_What this task involves_. All of the listing must be given again exactly, except that the images are dropped.

_Provided material_.
=== Section Start ===
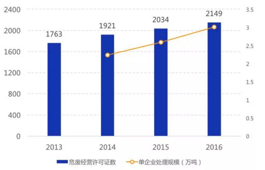 資質(zhì)企業(yè)平均規(guī)模較?。?016年我國(guó)持危險(xiǎn)廢棄物經(jīng)營(yíng)許可證的企業(yè)數(shù)量為2149家,2016年凈增加僅115家,體現(xiàn)出環(huán)保系統(tǒng)對(duì)新頒發(fā)許可證愈發(fā)謹(jǐn)慎;平均每家處理量?jī)H不到3萬(wàn)噸,呈現(xiàn)較強(qiáng)的分散性特征,但單企業(yè)處理規(guī)模由2014年2.2萬(wàn)噸/年增加到2016年3.0萬(wàn)噸/年,未來(lái)隨著許可證頒發(fā)與復(fù)核難度加大,實(shí)力弱、技術(shù)差的小企業(yè)將被淘汰出市場(chǎng),龍頭擴(kuò)張,單企業(yè)規(guī)模繼續(xù)擴(kuò)大。
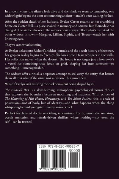 In a town where the silence feels alive and the shadows seem to remember, one widow's grief opens the door to something ancient-and it's been waiting for her. After the sudden death of her husband, Evelyn Carter returns to her crumbling home on Carter Hill-a place soaked in memory and sorrow. But Homedale has changed. The air feels heavier. The mirrors don't always reflect what's real. And the other widows in town-Margaret, Lillian, Sophie, and Teresa-watch her with knowing eyes. They've seen what's coming. As Evelyn delves into Richard's hidden journals and the occult history of the town, her grip on reality begins to fracture. She loses time. Hears whispers in the walls. Her reflection moves when she doesn't. The house is no longer just a home-it's a vessel for something that feeds on grief, shaping her into someone-or something-unrecognizable. The widows offer a ritual, a desperate attempt to seal away the entity that haunts them all. But what if the ritual isn't salvation... but surrender? What if Evelyn isn't resisting the darkness-but being shaped by it? The Widow's Pact is a slow-burning, atmospheric psychological horror thriller that explores the boundary between mourning and madness. With echoes of The Haunting of Hill House, Hereditary, and The Silent Patient, this is a tale of possession-not of body, but of identity-and what happens when the thing whispering behind your grief... finally answers back. Perfect for fans of deeply unsettling supernatural horror, unreliable narrators, occult mysteries, and female-driven thrillers where nothing-not even the self-can be trusted.
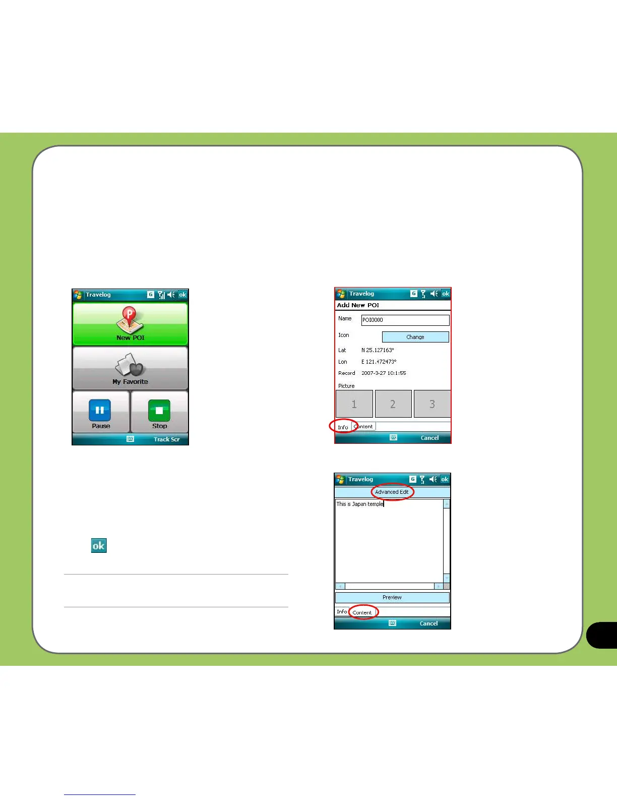 While recording travel track, you can create a new Point of Interest (POI) in current position.
=== Section End ===
_Result below_.
 資質(zhì)企業(yè)平均規(guī)模較?。?016年我國(guó)持危險(xiǎn)廢棄物經(jīng)營(yíng)許可證的企業(yè)數(shù)量為2149家,2016年凈增加僅115家,體現(xiàn)出環(huán)保系統(tǒng)對(duì)新頒發(fā)許可證愈發(fā)謹(jǐn)慎;平均每家處理量?jī)H不到3萬(wàn)噸,呈現(xiàn)較強(qiáng)的分散性特征,但單企業(yè)處理規(guī)模由2014年2.2萬(wàn)噸/年增加到2016年3.0萬(wàn)噸/年,未來(lái)隨著許可證頒發(fā)與復(fù)核難度加大,實(shí)力弱、技術(shù)差的小企業(yè)將被淘汰出市場(chǎng),龍頭擴(kuò)張,單企業(yè)規(guī)模繼續(xù)擴(kuò)大。
 In a town where the silence feels alive and the shadows seem to remember, one widow's grief opens the door to something ancient-and it's been waiting for her. After the sudden death of her husband, Evelyn Carter returns to her crumbling home on Carter Hill-a place soaked in memory and sorrow. But Homedale has changed. The air feels heavier. The mirrors don't always reflect what's real. And the other widows in town-Margaret, Lillian, Sophie, and Teresa-watch her with knowing eyes. They've seen what's coming. As Evelyn delves into Richard's hidden journals and the occult history of the town, her grip on reality begins to fracture. She loses time. Hears whispers in the walls. Her reflection moves when she doesn't. The house is no longer just a home-it's a vessel for something that feeds on grief, shaping her into someone-or something-unrecognizable. The widows offer a ritual, a desperate attempt to seal away the entity that haunts them all. But what if the ritual isn't salvation... but surrender? What if Evelyn isn't resisting the darkness-but being shaped by it? The Widow's Pact is a slow-burning, atmospheric psychological horror thriller that explores the boundary between mourning and madness. With echoes of The Haunting of Hill House, Hereditary, and The Silent Patient, this is a tale of possession-not of body, but of identity-and what happens when the thing whispering behind your grief... finally answers back. Perfect for fans of deeply unsettling supernatural horror, unreliable narrators, occult mysteries, and female-driven thrillers where nothing-not even the self-can be trusted.
 While recording travel track, you can create a new Point of Interest (POI) in current position.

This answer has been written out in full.